Each line from the one holding "Долгожданные летние каникулы" to the last line below must be restated word for word, and no picture may be included.

-- Provided material --
- Opening Delimiter -
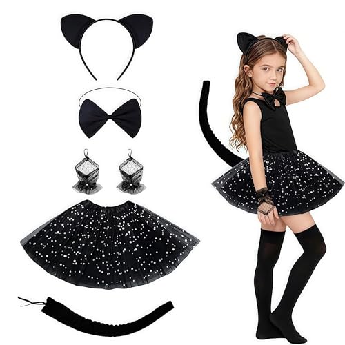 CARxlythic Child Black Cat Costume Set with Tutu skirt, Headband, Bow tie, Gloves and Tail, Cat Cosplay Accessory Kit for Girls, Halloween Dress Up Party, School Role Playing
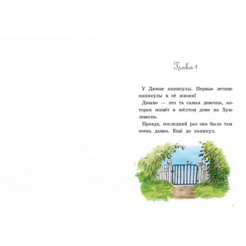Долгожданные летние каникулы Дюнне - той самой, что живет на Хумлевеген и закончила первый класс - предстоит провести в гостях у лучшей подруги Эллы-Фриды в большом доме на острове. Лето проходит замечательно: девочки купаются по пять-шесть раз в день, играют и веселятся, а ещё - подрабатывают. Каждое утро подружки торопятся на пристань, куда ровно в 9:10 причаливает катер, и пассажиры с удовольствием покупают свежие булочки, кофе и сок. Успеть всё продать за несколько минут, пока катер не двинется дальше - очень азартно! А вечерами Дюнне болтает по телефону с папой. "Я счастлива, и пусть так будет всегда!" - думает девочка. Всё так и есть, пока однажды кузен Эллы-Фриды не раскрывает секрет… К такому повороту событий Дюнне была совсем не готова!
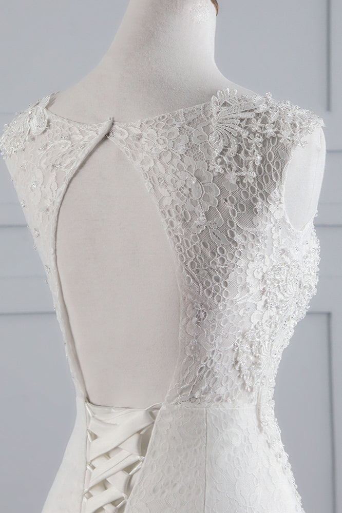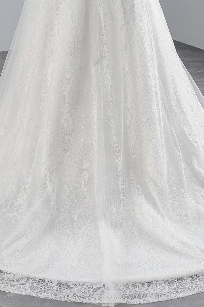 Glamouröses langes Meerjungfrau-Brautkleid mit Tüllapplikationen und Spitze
- Closing Delimiter -
-- Written answer --
Долгожданные летние каникулы Дюнне - той самой, что живет на Хумлевеген и закончила первый класс - предстоит провести в гостях у лучшей подруги Эллы-Фриды в большом доме на острове. Лето проходит замечательно: девочки купаются по пять-шесть раз в день, играют и веселятся, а ещё - подрабатывают. Каждое утро подружки торопятся на пристань, куда ровно в 9:10 причаливает катер, и пассажиры с удовольствием покупают свежие булочки, кофе и сок. Успеть всё продать за несколько минут, пока катер не двинется дальше - очень азартно! А вечерами Дюнне болтает по телефону с папой. "Я счастлива, и пусть так будет всегда!" - думает девочка. Всё так и есть, пока однажды кузен Эллы-Фриды не раскрывает секрет… К такому повороту событий Дюнне была совсем не готова!
 Glamouröses langes Meerjungfrau-Brautkleid mit Tüllapplikationen und Spitze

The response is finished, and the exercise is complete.